The four of them had started out with the idea of the zodiac references of an ‘Aquarian Exposition’ and decided the two played well together; they needed to begin running adverts for the event in the press, they also schmoozed the writers from Rolling Stone and Village Voice to accentuate their hip credentials for organizing the festival. They also needed a poster to start advertising. image The problem was that the Wallkill residents were not keen on the idea of ‘bunch of hippies’ take over their town was not going down well. At a meeting on 15 July 1969, to the resident’s delight, The Wallkill Zoning Board of Appeals banned the Woodstock Festival from taking place in their town. It was potentially disaster or was it?
Elliot Tiber the proprietor of Tiber’s White Lake resort read the news and saw this as the opportunity to save his struggling hotel complex. He knew he had something vital to the success of the venture, a permit to run a music festival from the town of Bethel. Tiber got Michael Lang, one of the organizers, on the phone and the next day the rock entrepreneur was in his car on his way to White Lake. When he arrived his first reaction was disappointment; the 15-acre boggy site was far from big enough. This is where Max Yasgur makes his triumphal entry or more to the point Tiber suggests they go and see the diary farmer who owned around 600 acres that would be perfect. Initially Yasgur had been sceptical on the phone with Tiber – he was used to his friend’s failing festival schemes, but eventually, he agreed to meet Lang, who drove over to the now-famous sloping site that was almost perfect for a huge concert.

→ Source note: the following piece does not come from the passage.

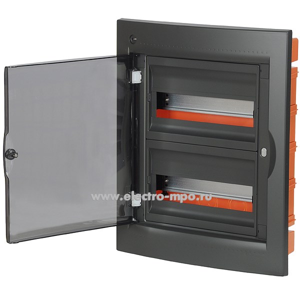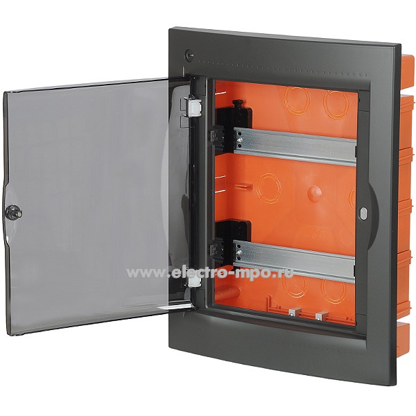 Е1076. Бокс RB24B4TBD RAM base встраиваемый черный 24 модуля прозрачная дверь IP41 с клеммником 63А (Д

A deal was quickly done. There was the issue of dealing with the people who lived in Bethel who broadly shared the same views as the Wallkill residents. Central to this was the Woodstock Ventures position of never saying there would be more than 50,000 people showing up for the weekend – despite their certainty that there would be. Mr. Yasgur, of course, was towing the party line, as he wanted to get the $75,000 rental fee, while Elliot Tiber just wanted to fill his 80 rooms.
They just needed a new poster… graphic artist Arnold Skolnik created the now-famous poster; as emblematic of the Sixties as any image. Made more so by the copywriter that came up with the now-famous line. “Three Days of Peace and Music”.